Aku mengabaikan tamu yang beralalu-lalang menikmati makananku. Mataku hanya terfokus pada pegawaiku.

Wajah dia begitu risih. Dia terlihat kesakitan saat salah satu Pengunjung Berbaju Partai menarik pegawaiku dari pinggangnya.

Dengan gesit aku menepis tangan Pengunjung Berbaju Partai itu pergi.

Aku menarik pegawaiku, mengamankan dia di belakang punggungku. Topeng berlapis besi ku angkat kepada wajahku, menegaskan, "Mohon maaf Pak. Pegawai k–"

Sebelum aku bisa menyelesaikan kalimatku, tubuh besar Lerri berjalan sempoyongan kepadaku. Seluruh beratnya tertumpu padaku.

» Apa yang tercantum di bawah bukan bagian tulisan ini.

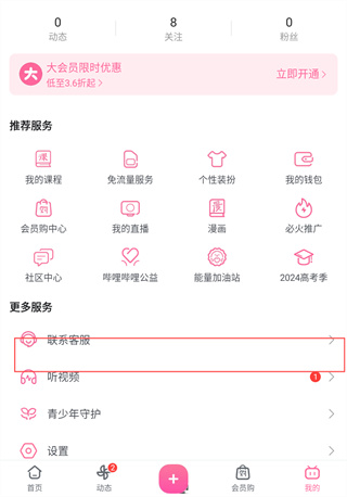 2、进入“我的”页面后,找到并点击【联系客服】功能。

Dia bergumam, "G..hua... dah kbva...yak..an ...num.

".I..let," ucapnya sambil mendorongku hingga kepada kamar mandi belakang.

Aku tergopoh-gopoh menopang massa Lerri. Tetapi, aku berhasil menuntun dia ke depan pintu sekat salah satu toilet. "Keluarkan saja," ucapku kepada Lerri. "Nanti aku ambilkan susu u–"

Kalimatku terhenti seketika. BUGH, bunyi dentuman menggetarkan udara. Kemudian, aku merasakan sebuah hantaman keras pada keningku. Warna merah mengalir ke pelupuk mata kiri.

Lerri menghantamkan keningnya padaku. Wajahnya merah padam dan matanya dipeluk oleh ribuan pembuluh darah halus merah.

"Loe goblok ya?" tanya dia dengan suara datar. Suara ancaman yang merayap halus sebelum menjadi bencana.

"Apa?" balasku bingung. Bingung akan tindakan Lerri. Bingung akan amarahnya.

"Gua nanya, loe jawab!" tegasnya halus penuh kesal. "Loe goblok ya?!"

"Kaga. Aku hanya melakukan yang seharusnya dilakukan pemilik usaha, 'Melindungi karyawanku!'" tegasku pada Lerri.

Dia kemudian menghela nafas. Wajah dia kembali datar dan amarahnya memudar.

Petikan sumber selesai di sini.